13.4 Frame ordering¶
Writers producing trajectories SHOULD include frame_index (and
time when available) so consumers can reconstruct ordering without
relying on filesystem metadata.
14 Version history¶
Version |
Date |
Changes |
|---|---|---|
1 |
(original) |
De facto format from eOn. Column 5 present, undefined. |
2 |
2026-03-25 |
JSON metadata. atomidsemantics. Per-direction constraints. |
Declared sections. Force blocks. Compression. |
15 Detecting the spec version¶
Read line 2. If it starts with {, parse as JSON and extract
con_spec_version.
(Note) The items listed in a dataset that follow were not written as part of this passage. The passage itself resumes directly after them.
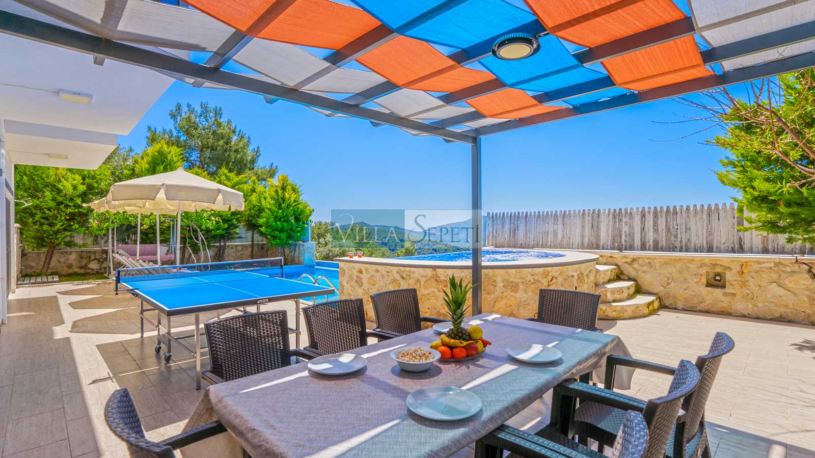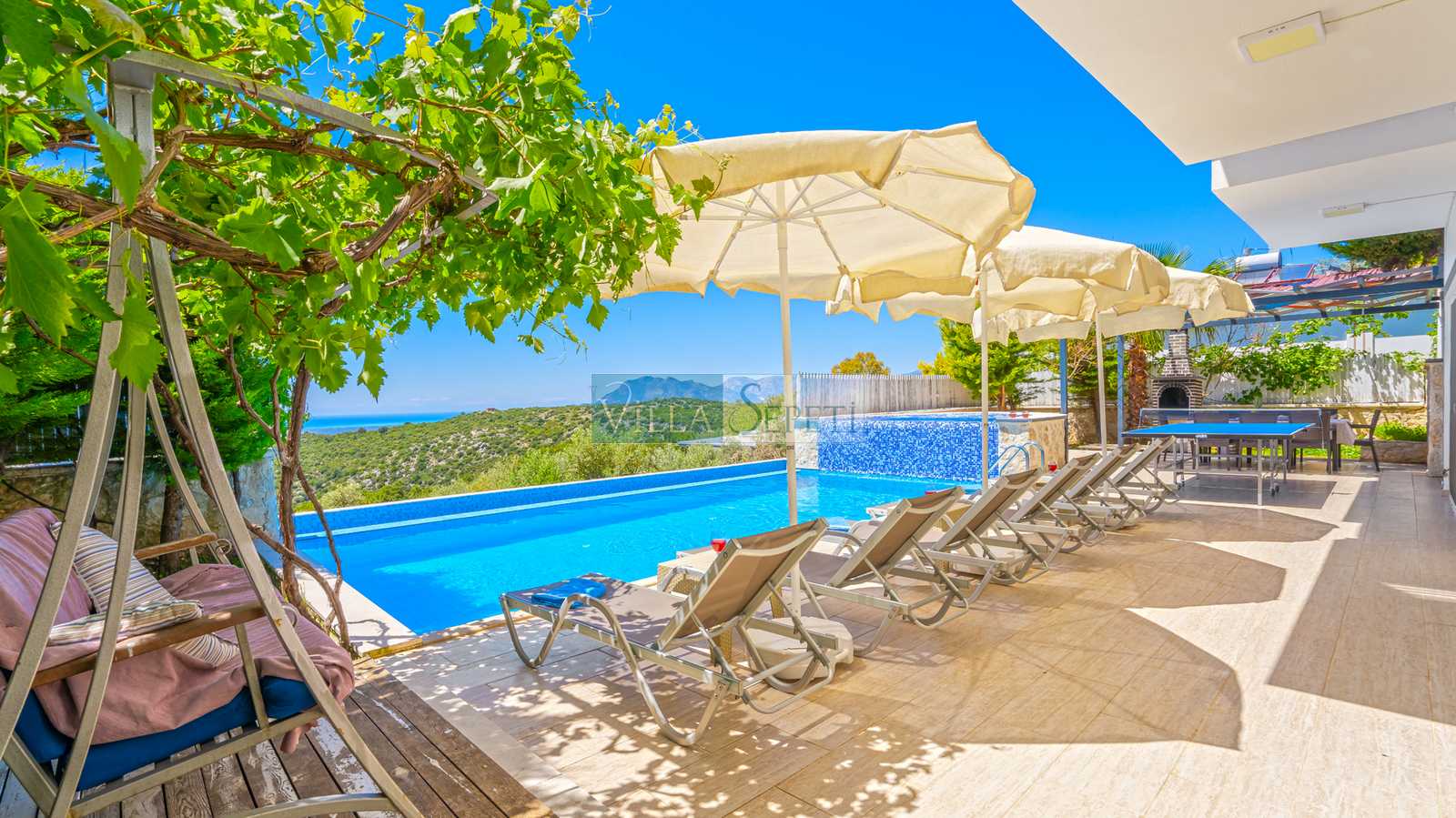 Villa Nogay, Üzümlü Köyü'nde yer alan 4 yatak odasına sahip çok özel ve güzel tatil villasıdır. Bu evimiz için mutluluk garantili bir ev demek yanlış olmaz her sene düzenlenen Villa Sepeti Ödüllerinden yorum notu kategorisinde defalarca ödül kazanmıştır. İslamlar Köyü'nün hemen yanında yer alan Üzümlü Köyü'nde muhteşem bir doğa içerisinde bulunan 8 kişi kapasiteli villamızın oldukça geniş bir müstakil yüzme havuzu bulunmaktadır ve bu havuz dışarıya karşı tamamen korunaklıdır. Bu özelliği ile villamızda gönlünüze göre bir tatili özgürce yaşayabilirsiniz.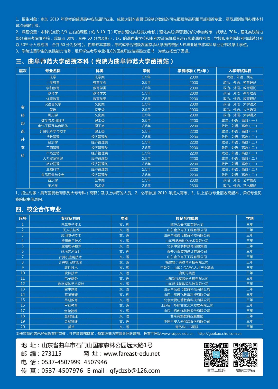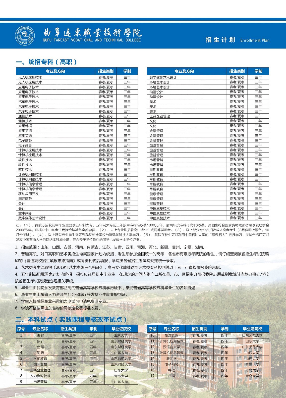曲阜远东职业技术学院2019年招生简章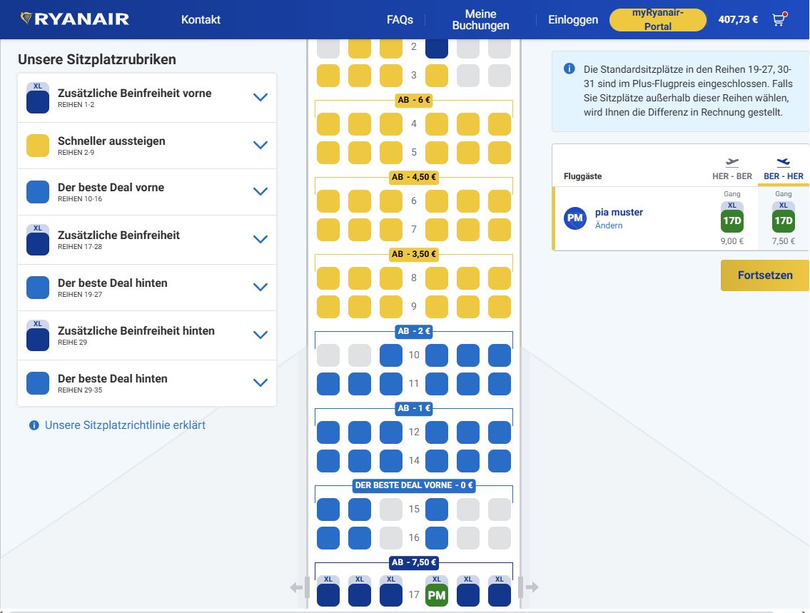 Dann ohne Gepäck, Sitzplatzwahl, WLAN...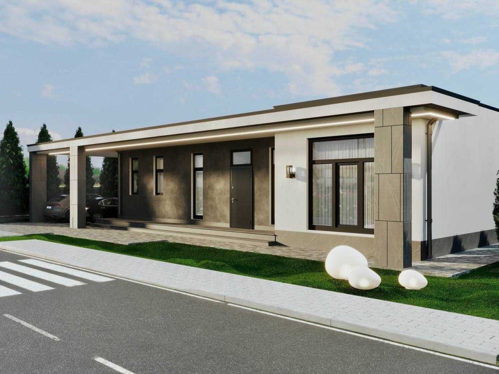 Фасад широкоформатный кекомогранит, декоративная штукатурка.

Otherwise the file predates this specification
(implicit version 1).
16 Examples¶
16.1 Minimal v2 file¶
Generated by eOn
{"con_spec_version":2}
10.000000 10.000000 10.000000
90.000000 90.000000 90.000000
1
2
63.546000
Cu
Coordinates of Component 1
0.000000 0.000000 0.000000 7 0
5.000000 5.000000 5.000000 0 1
16.2 File with velocities and forces¶
Generated by eOn
{"con_spec_version":2,"sections":["velocities","forces"],"energy":-42.5,"potential":{"type":"EMT","params":{}}}
15.345600 21.702000 100.000000
90.000000 90.000000 90.000000
0 0
218 0 1
2
2 2
63.546000 1.007930
Cu
Coordinates of Component 1
0.639400 0.904500 6.975300 7 0
3.196900 0.904500 6.975300 7 1
H
Coordinates of Component 2
8.682300 9.947000 11.733000 0 2
7.942100 9.947000 11.733000 0 3
Cu
Velocities of Component 1
0.001234 0.002345 -0.003456 7 0
0.004567 -0.005678 0.006789 7 1
H
Velocities of Component 2
-0.012345 0.023456 0.034567 0 2
0.045678 -0.056789 -0.067890 0 3
Cu
Forces of Component 1
0.123456 0.234567 -0.345678 7 0
0.456789 -0.567890 0.678901 7 1
H
Forces of Component 2
-1.234567 2.345678 3.456789 0 2
4.567890 -5.678901 -6.789012 0 3
16.3 Trajectory frame with metadata¶
Generated by eOn 3.1
{"con_spec_version":2,"generator":"eOn 3.1","units":{"length":"angstrom","energy":"eV"},"frame_index":5,"time":2.5,"timestep":0.5}
15.345600 21.702000 100.000000
90.000000 90.000000 90.000000
2
2 2
63.546000 1.007930
Cu
Coordinates of Component 1
0.639400 0.904500 6.975300 7 0
3.196900 0.904500 6.975300 7 1
H
Coordinates of Component 2
8.682300 9.947000 11.733000 0 2
7.942100 9.947000 11.733000 0 3
16.4 Legacy (pre-v2) file¶
Random Number Seed
0.0000 TIME
15.345600 21.702000 100.000000
90.000000 90.000000 90.000000
0 0
0 0 0
2
216 2
63.546 1.00793
Cu
Coordinates of Component 1
0.639400 0.904500 -0.000100 1 0
3.197000 0.904500 -0.000100 1 1
...
A conforming v2 reader processes this without error, assigning
spec_version = 1 because line 2 does not start with {.